I missed a couple of lectures on iterative correctness and it took last week's test to get me up to speed. It is, as Danny had mentioned, definitely harder than recursive correctness. I found the use of induction here to be more traditional when compared with recursive correctness. Recursive programs are broken down into smaller parts and so we had to assume those smaller parts were true and then conclude that it implied the full size. But in iterative programs we use induction over 'i' which is each iteration of the loop and then prove a formula which is the loop invariant. So to me this seems much more like normal induction.
However, the hard part is actually figuring out what the loop invariant is. I seem to always have trouble with this unless it's a really simple program.
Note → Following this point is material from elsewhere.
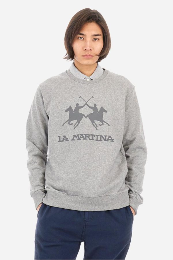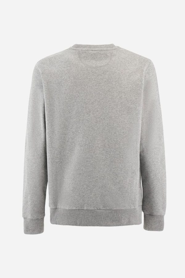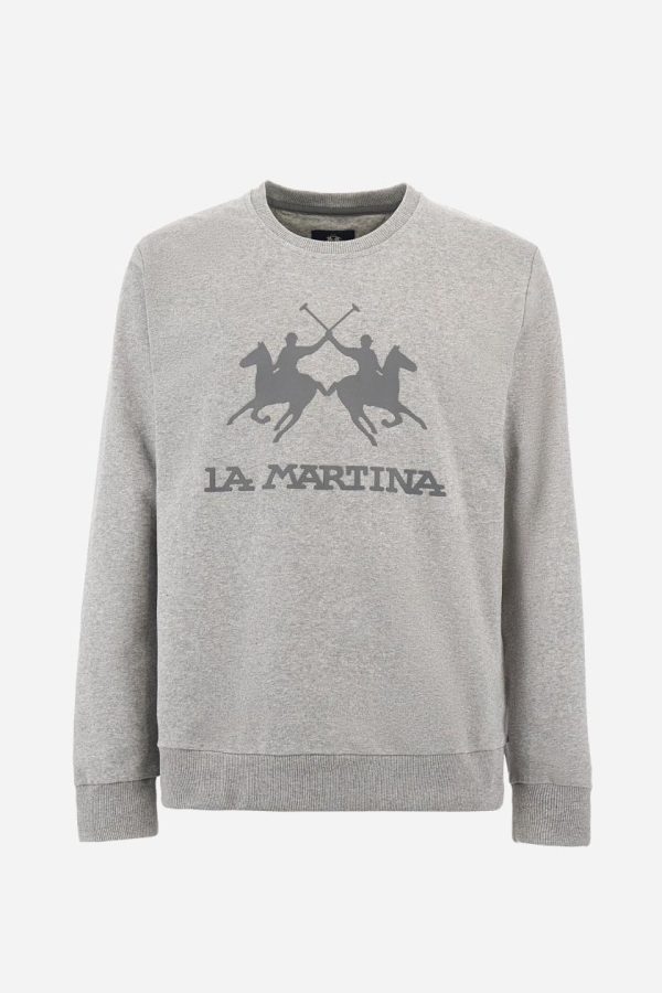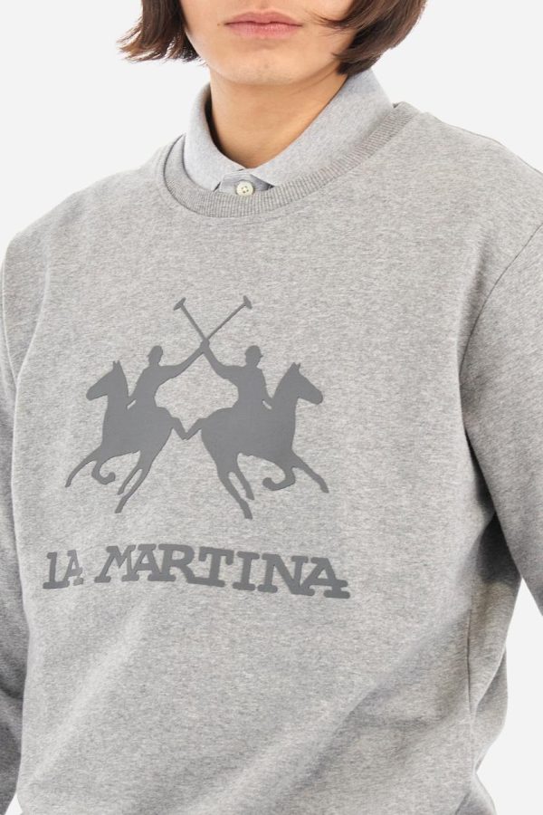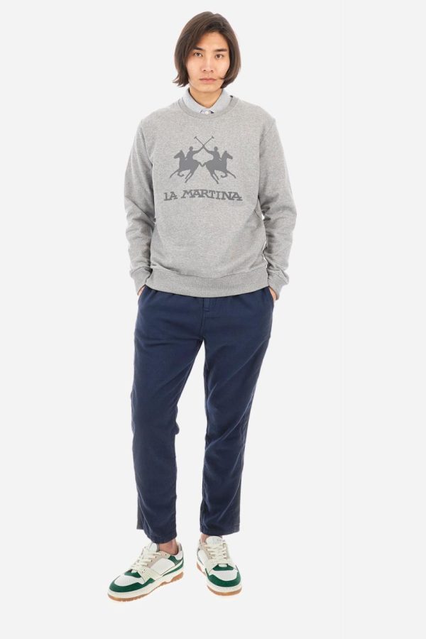 Men’s long-sleeved crew-neck sweatshirt made of 100% cotton in a solid colour, featuring a large patch logo on the front in a contrasting colour. Perfect worn with trousers or Bermuda shorts for a casual and trendy look. The model is 187 cm tall and wears a size L.

The example that Danny showed in class about the counting down in base 7 bothers me even now. I don't think I'd have been able to figure out the loop invariant would be 7a instead of 6a.
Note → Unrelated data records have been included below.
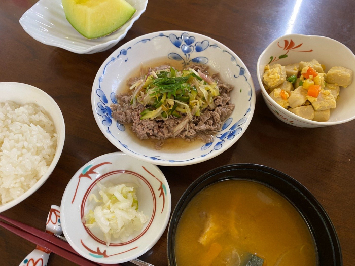 さぬき 2023.08.11 【 8月 地産地消 】 【 献立 】 ・ご飯 ・牛しゃぶのあっさりがけ ・味噌汁(かぼちゃ) ・高野の卵とじ ・果物(メロン) ・漬物 《産地紹介》精白米(こしひかり100%)・牛肉(香川県産)・きゅうり(香南町)・かぼちゃ(香南町)・太ねぎ(綾川町)・もやし(三木町)・メロン(三豊市)です。 牛しゃぶのあっさりがけは、酢を使い、暑い日にさっぱりと食べやすい料理にしてみました。
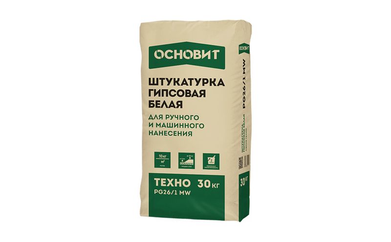Штукатурка гипсовая ОСНОВИТ ТЕХНО PG26/1 MW, 30 кг, белая
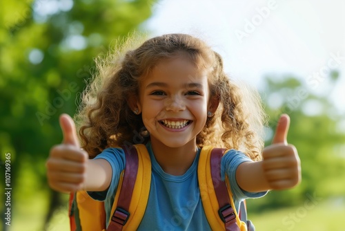 primary, school, girl, student, backpack, looking, camera, thumb up, sunny, day, blue, sky, outdoors, happy, children, laughing, curly, joyful, playful, confident, cheerful, smiling, children, education, fun, positive, energetic, carefree, childhood, young, excitement, bright, sunshine, nature, casual attire, portrait, enthusiasm, success, gesture, happiness, friendly, active, adventurous, youth, encouragement, thumb, up, signs

Another thing I don't understand is the necessity to prove the termination of the program. The necessity to prove the termination of the loop itself is fine, so that it doesn't iterate infinitely. But if it's needed to prove the termination of the program in this case then why was it not necessary to do so in recursive correctness? Maybe it's simply because unless there is a loop then it's trivial to see that it will terminate, but formally speaking should we mention it in recursive correctness as well since if there is no base case then quite possibly that could recurse forever as well?